NO WAY FOR A PROFESSIONAL TO BEHAVE

Sandy Lyle’s walk-off in the 1st round of the 137th Open was seen as poor sportsmanship by Frank Malley, PA chief sports writer. Here’s why
No doubt Sandy Lyle was numb with cold and seething with frustration when he walked out of Royal Birkdale in the middle of his first round in the 137th Open championship.
But that was no way to behave for a professional sportsman and a former winner of golf’s most prestigious tournament.
What about the spectators who had braved the ugliest of weather, many of them older ones who might have come to Birkdale to glimpse a man who was their golfing icon in the 1980s?
What about the player deprived of a place at the Open? Mark Brown, of New Zealand, who was on stand-by, would have enjoyed the weekend of his career if Lyle had quit before he teed off.
And what about the sport of golf?
Lyle let down all three when he decided enough was enough on the 10th green with his score on 11 over par and humiliation awaiting him on the homeward straight.
Of course, only those with a heart of stone could not feel for Lyle. He is a proud man, one who was blessed with a natural talent which took him to greatness but then, like Seve Ballesteros, saw the muse leave him.
He has spent much of the past 20 years trying to work out how he won the Open in 1985 and the US Masters in 1988. And much of the time it has left him bewildered.
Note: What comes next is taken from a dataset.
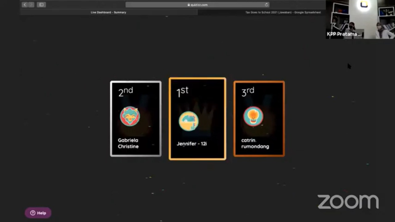 Acara TGTS yang dilakukan secara daring ini bertujuan untuk mengenalkan pajak dan menanamkan kesadaran pajak sejak dini kepada para pelajar sebagai generasi penerus bangsa maupun calon wajib pajak masa depan. Selain penyampaian materi, Tim Penyuluh Pajak KPP Pratama Pontianak Barat juga mengadakan kuis interaktif menggunakan aplikasi quizziz.
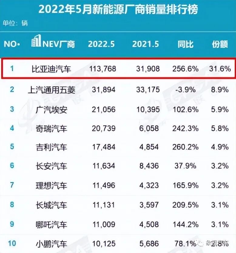 乘联会5月份新能源厂商销量排行榜上,比亚迪销量暴涨256.6%至113768台,以绝对的优势高居榜首,问鼎中国新能源汽车销量冠军。排名第二的上汽通用五菱,只有31894台;而特斯拉则仅有9825台,排名第十二。

Every weekend hacker who has clocked up 100 and the rest could sympathise with Lyle’s reasons or excuses, whichever way you look at it.
“I was all over the place,” he said. “It was total meltdown.” “I got a bit disheartened.”
But a professional given the privilege of competing in the sport’s top event should not quit. Especially one who harbours ambitions of becoming European Ryder Cup captain in the not-too-distant future.
Not that Lyle is the first sportsman to walk out mid-event.
Boxer Roberto Duran is famous for sitting on his stool and muttering ‘no mas’ when he had enough of his second encounter with Sugar Ray Leonard, although admittedly it is difficult to criticise anyone when life and limb are so obviously on the line.
Many criticised Paula Radcliffe for leaving her Olympic marathon hopes in the Athens gutter some five miles from home when gold was gone.
And Kevin Keegan famously left his country in the lurch midway through the World Cup qualifying process when he quit the job as England manager in a dilapidated toilet of the old Wembley after defeat by Germany.
But few have done so with quite such disregard for the paying public as Lyle, who has a history of going AWOL when the going gets tough having been disqualified back in 1991, also at Royal Birkdale, when he walked off without completing his second round after his tee shot at the 18th went out of bounds.
Peter Dawson, chief executive of the R&A, surely spoke for many when he insisted that professional golfers should complete a round because “that is what they are paid to do.”
But perhaps former American football legend Vince Lombardi once put it even more succinctly: “Winners never quit and quitters never win.”